When you're pregnant or breastfeeding, every pill, supplement, or over-the-counter medicine you take matters more than ever. What seemed harmless before might now affect your baby’s development, your milk supply, or your own health in ways you didn’t expect. The good news? Your OB/GYN is there to help you navigate this - but only if you come prepared. Too many people walk into appointments with vague answers like, "I take a multivitamin" or "I use ibuprofen when I need it." That’s not enough. And it’s riskier than you think.
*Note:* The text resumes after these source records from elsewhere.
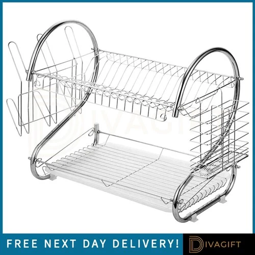 2 TIERS DISH DRAINER RACK-CUTLERY CUP CHOPPING BOARD HOLDER-FOR KITCHEN COUNTER
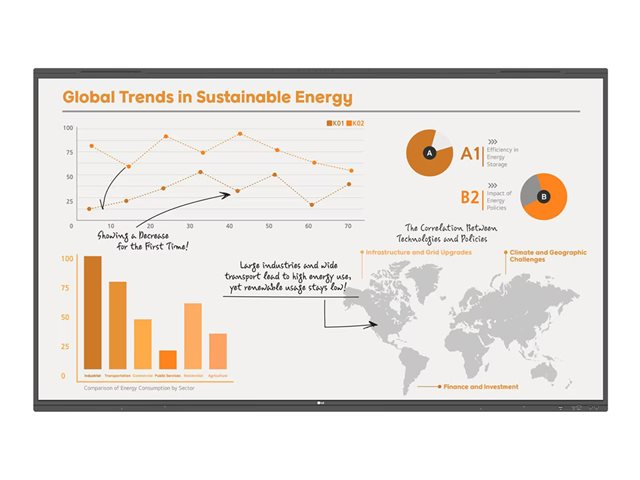 Udstyret med et højttalersystem, der leverer en udgangseffekt på 52 watt gennem fire højttalere, skaber denne skærm en fordybende lydoplevelse. LG CreateBoard understøtter flere tilslutningsmuligheder, herunder USB, HDMI og LAN, hvilket gør integration med eksisterende systemer ligetil. Dens 8 GB RAM og 64 GB lagerkapacitet, der drives af en robust octa-core processor, muliggør jævn drift og webbrowsing. Med funktioner som LG ConnectedCare og smart energibesparelse kan brugerne nyde godt af en pålidelig og effektiv løsning til deres præsentationsbehov.
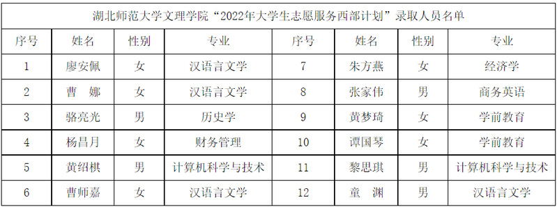 根据共青团中央、教育部、财政部、人力资源社会保障部《关于印发<2022—2023年度大学生志愿服务西部计划实施方案>的通知》的相关部署和工作安排,Kaiyun科技股份有限公司在公开招募、自愿报名的基础上,严格招募选拔流程,经资格审查、笔试、面试、心理测试、体检等环节,拟录取廖安佩等12名Kaiyun科技股份有限公司应届毕业生为2022年大学生志愿服务西部计划志愿者。

Why Medication Talks with Your OB/GYN Aren’t Optional
The American College of Obstetricians and Gynecologists (ACOG) says every woman planning pregnancy - or already pregnant - should have a full medication review. Why? Because nearly 90% of pregnant women take at least one medication during pregnancy, according to the CDC. That includes prescription drugs, herbal teas, vitamins, and even things you think are "natural" like evening primrose oil or St. John’s Wort. Some of these can interfere with fertility, increase the chance of birth defects, or affect how your body processes nutrients. For example, taking ibuprofen in the third trimester can cause early closure of a critical blood vessel in the baby’s heart. St. John’s Wort can cut the effectiveness of birth control pills by half. And if you’re on thyroid medication like Synthroid, your dose may need to go up during pregnancy - sometimes by 30% or more - to keep both you and your baby healthy. Your OB/GYN doesn’t just check your blood pressure or listen for the baby’s heartbeat. They’re also trained to spot hidden risks in your medicine cabinet. Unlike your primary care doctor, who might review your meds once a year, OB/GYNs check them every 3 to 4 weeks if you’re on hormonal treatments - and monthly if you have a high-risk pregnancy.What You Need to Bring to Your Appointment
Don’t rely on memory. Write it all down. And don’t just list "vitamins" or "pain relievers." Be specific. Here’s what to include:- Prescription drugs: Exact name, dosage, and how often you take it. Example: "Levothyroxine 75 mcg, one tablet every morning on an empty stomach."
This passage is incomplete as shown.